Cleveland District State High School is an independent coeducational public secondary school based in Cleveland in the local government area of Redland City in Queensland, Australia. In August 2020, the school had a total enrolment of 2120 students.

Cleveland District State High School's current role of Executive Principal is held by Leonard McKeown. The school also consists of five Deputy Principals, nine Heads of Department and five Deans of Students.

History

In January 1956, Cleveland District State High School began operating in the grounds of Cleveland State School as the first secondary school in the Redland City area. The school had a population of 32 students and was led by Head Teacher Ted Liesegang. By 1960, the school had reached a total population of 54 students, followed by 84 in the following year. In order to meet the growing demands of the school, new school facilities were constructed on land in Russell Street in the early 1960s. The school was officially opened by the State Treasurer, Sir Thomas Hiley,  on 27 April 1963.

The 2010s decade saw a substantial increase in enrolments at the school, with an official count of 2040 students in 2018 compared with 1205 students in 2010. In 2018, Cleveland District State High School became the first school in the Redland City area with a total enrolment of more than 2000 students.

Sporting houses

Cleveland State High School includes the following four sporting houses, all of which are named in reference to islands in Moreton Bay, and their respective colours:

Curriculum

Excellence programs

Excellence programs at Cleveland District State High School include:
 Athlete Support Program
 Creative Arts Centre for Excellence
 Languages
 Music Extension Program
 Sports Development Program

English

English is a compulsory core subject across the Junior Secondary (Years 7–9) curriculum. English subjects available to students in the Senior Secondary phase (Years 10–12) include the General subjects of English and Literature, and the Applied subject of Essential English.

Mathematics

Mathematics is a compulsory core subject across the Junior Secondary curriculum. Mathematics subjects available to students in the Senior Secondary phase include the General subjects of General Mathematics, Mathematical Methods and Specialist Mathematics, and the applied subject of Essential Mathematics.

Humanities

The subjects of History and Geography are administered through the Humanities faculty as compulsory core subjects across the Junior Secondary curriculum. From Year 9, the elective subject of Ancient History becomes available. Humanities subjects available to students in the Senior Secondary phase include the General subjects of Ancient History, Geography and Modern History.

Science

Science is a compulsory core subject across the Junior Secondary curriculum. In Year 9, each student participates in either of the core subjects of Agricultural Science or General Science, and the elective subjects of Agricultural Practices, Animal Husbandry and Science, Technology, Engineering & Mathematics (STEM) are available.

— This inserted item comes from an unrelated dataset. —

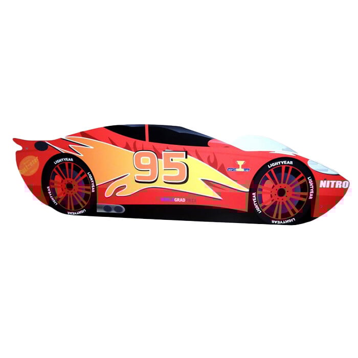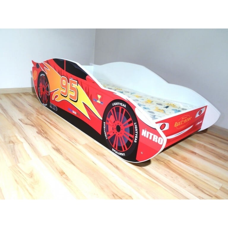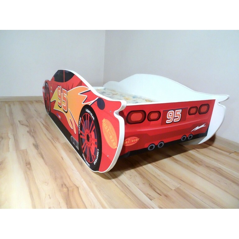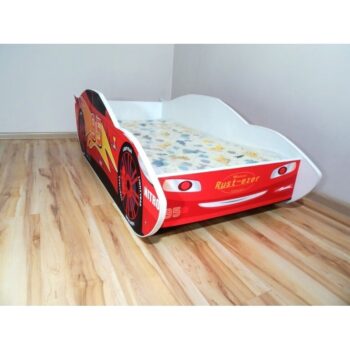 Otroška postelja v obliki dirkalnika 140×70 Če imate doma majhnega ljubitelja te pravljice, mu bo ta postelja zagotovo všeč, saj bo vsako otroško sobo naredila privlačnejšo, vplivala na ustvarjalnost in možnosti igre. Ko se zvečeri, se bo vaš malček z veseljem umiril in zaspal. PVC furnir, ki ga uporabljamo v naši postelji, je mehak in prožen ter ne poškoduje nežne otrokove kože, saj nima ostrih robov kot tipičen furnir za pohištvo.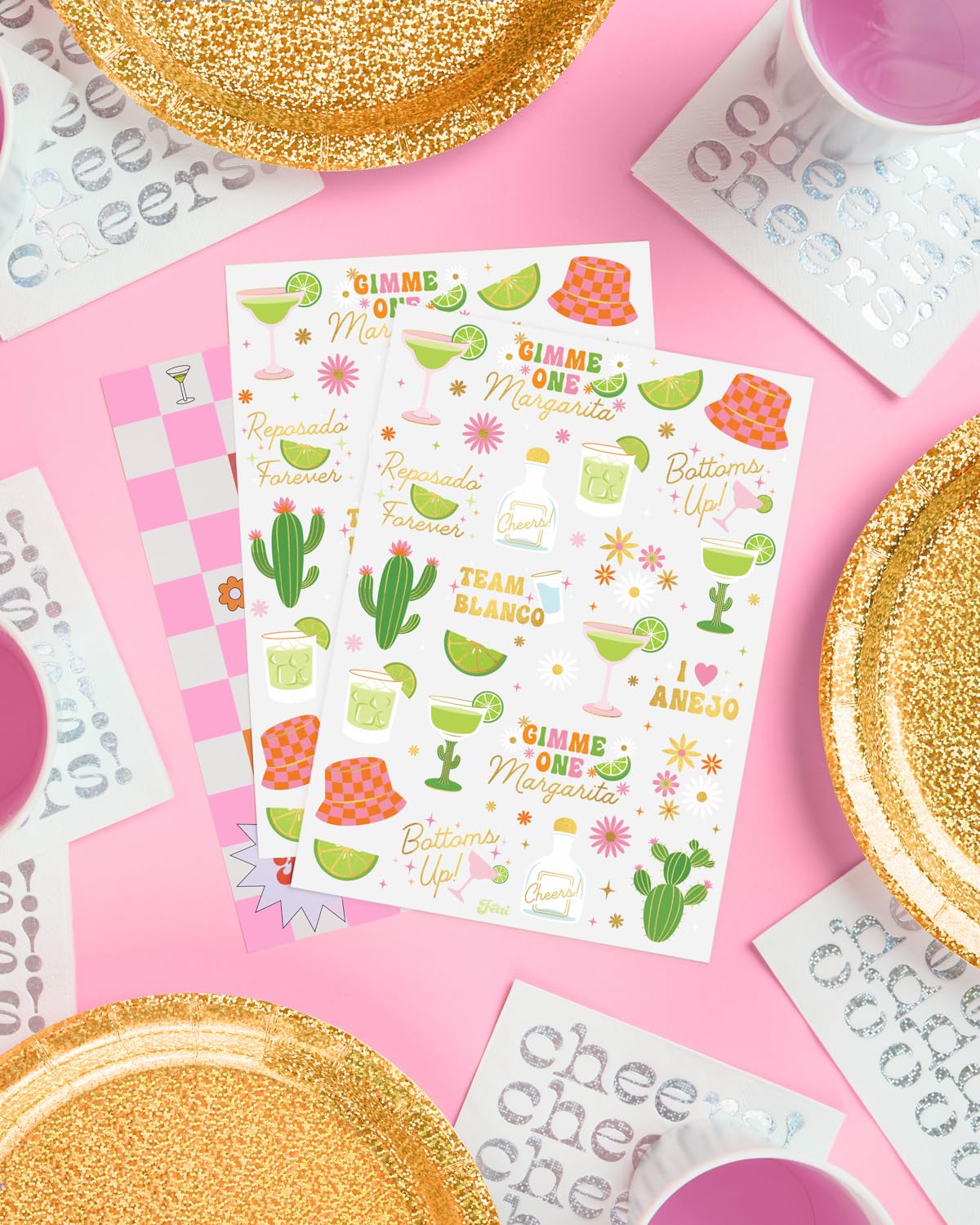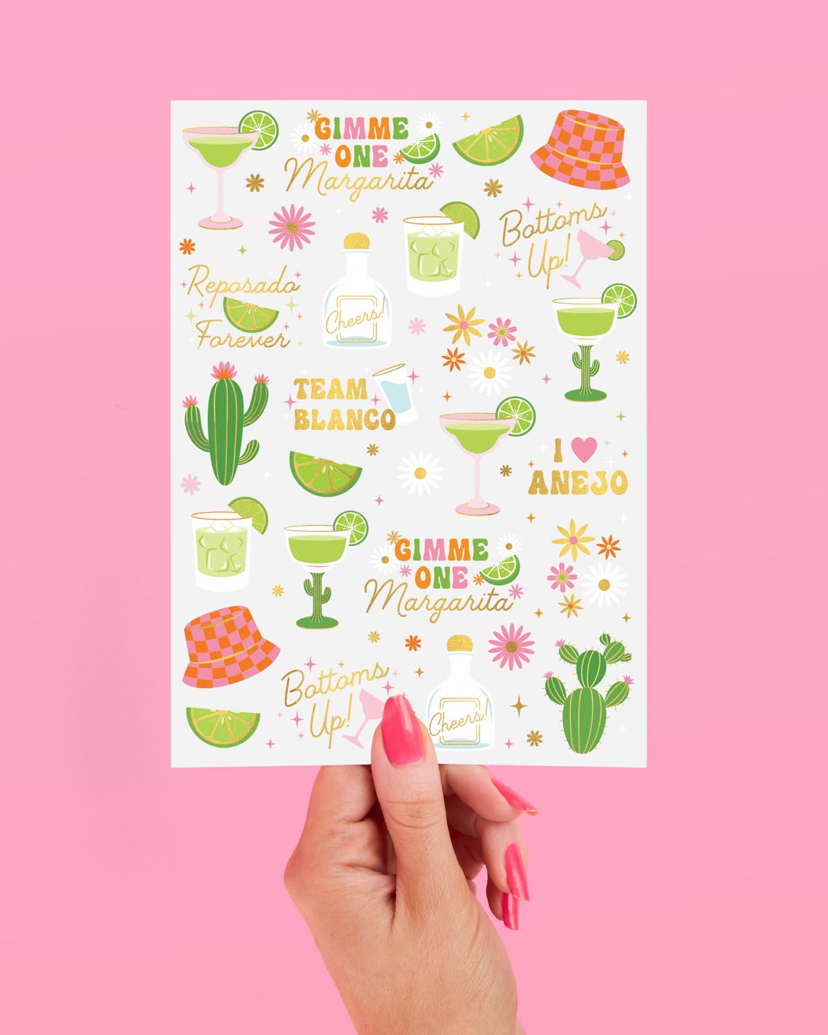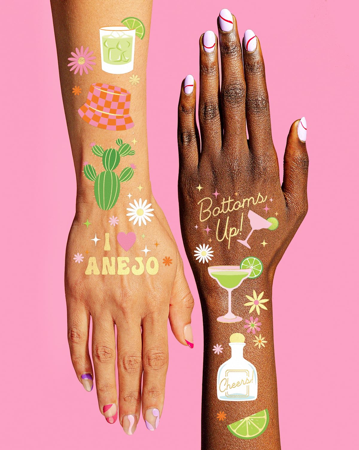 Get ready to add a little extra spice to your next celebration with these margarita-themed temporary tattoos! With 54 fun designs, including margaritas, cacti, limes, tequila, and vibrant flowers, these tattoos bring the fiesta to life. Each design is detailed in full color and accented with gold foil for that extra pop of flair. Perfect for bachelorette parties, birthdays, beach days, Cinco de Mayo, or any occasion that calls for a little fun. Ready to apply? Use our easy to follow instructions on the back of the tattoo sheet. Once applied, get ready to party day into night since these are long lasting, durable, and waterproof. So, are you ready to throw the coolest party of all time? We got you covered!

Science subjects available to students in the Senior Secondary phase include the General subjects of Agricultural Science, Biology, Chemistry, Marine Science and Physics, and the Applied subjects of Agricultural Practices and Science in Practice.

Languages

Chinese, French and Japanese are the three Languages Other Than English administered at Cleveland District State High School. All students in Years 7 and 8 study one of these languages and from Year 9, they become elective subjects.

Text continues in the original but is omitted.